Trinity: I tried to explain the concepts I was using (such as the idea of the 'position' of the subject) as much a possible given that it was a blog comment. I'm sorry if you feel that I didn't succeed, although I think accusing me of trying to be a show-off is unfair and unhelpful.

I'm not sure the guy was trying to use Zizek in particular, more likely that given the length of his ranting he was bound to gesture towards a semi-coherent point somewhere within it in. What I took him to be trying to get at is the idea that insofar as someone's identity is conceived in explicit opposition to the mainstream then that allows them to stake out a position with a special sort of currency and claim to recognition. Obviously, there are ways of taking this position that are reactionary (e.g. as anti-multicultural, anti-gay rights, etc.) as well as more progressive (e.g. as a call for a universalist rather than fractured political or cultural agenda).
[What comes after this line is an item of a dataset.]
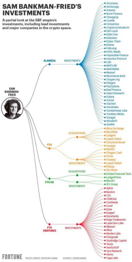 Dicho ejecutivo recaudó con éxito miles de millones para financiar el grupo FTX. Pero ¿qué pasa con las empresas del mismo grupo? Uno debe saber que el alcance de SBF en el criptoverso fue mucho más allá de FTX, Alameda y FTX.US.

As for the notion of a specifically women's speech and writing (Cixous' 'écriture féminine' and all that), I tend to associate that with French psychoanalytic feminism, which seems at best to be ambiguously placed in relation to the second-wave in general. So, I'm not sure quite how incoherent taking such a line is in terms of his overall position. Though perhaps I'm overlooking similar trends within second-wave feminism that he'd want to align himself with. I'd have thought that was the least of that guy's worries though.

thene said...

"To be Vanilla is not just to be normative, it is to be banished wholesale from the new process of identity-politicking that favors choice: Vanilla people have none and are forced to derive their class-based identity from outside opinion, whether they are receptive of the outcome or not. Whereas identities that resulted in nonstandard or exotic “flavors” were once a liability (as it continues to be for those existing in, and under, traditional minority categories), today they are more often than not the result of privilege as it is upwardly mobile and highly educated whites who are most able to carve out for themselves a non-Vanilla identity while simultaneously working to buttress the myth of Vanilla to and append it to their social competitors."

Um. I'm walking straight into Godwin territory here, but am I the only one who's slightly reminded of the sort of tone anti-Semitism takes here? All these 'upwardly-mobile, highly educated' people who've got their own culture and their own way of speaking, lurking in our midst and, ohnoez, having the gall to talk among themselves about everyone else?

Not suggesting there's any connection between the two, only that both seem to be motivated by jealousy/insecurity/fear of the Other.

I'm really not following how people like you are supposed to have RUINED sex for people like me by using the word 'vanilla'. (Sheila Jeffreys also makes no sense on this point). I think that one thing the OP said was true - that identities, especially when applied to others, don't describe specific acts. He's as wrong to equate missionary with vanilla (surely many vanilla people aren't crazy about missionary?) as I would be to equate any particular act with kink. Identity doesn't work that way, and neither does orientation, etc.

Trinity said...

"That's how I hear 'vanilla.'

While the folks who get really offended, I would guess hear something more akin to 'breeder.'"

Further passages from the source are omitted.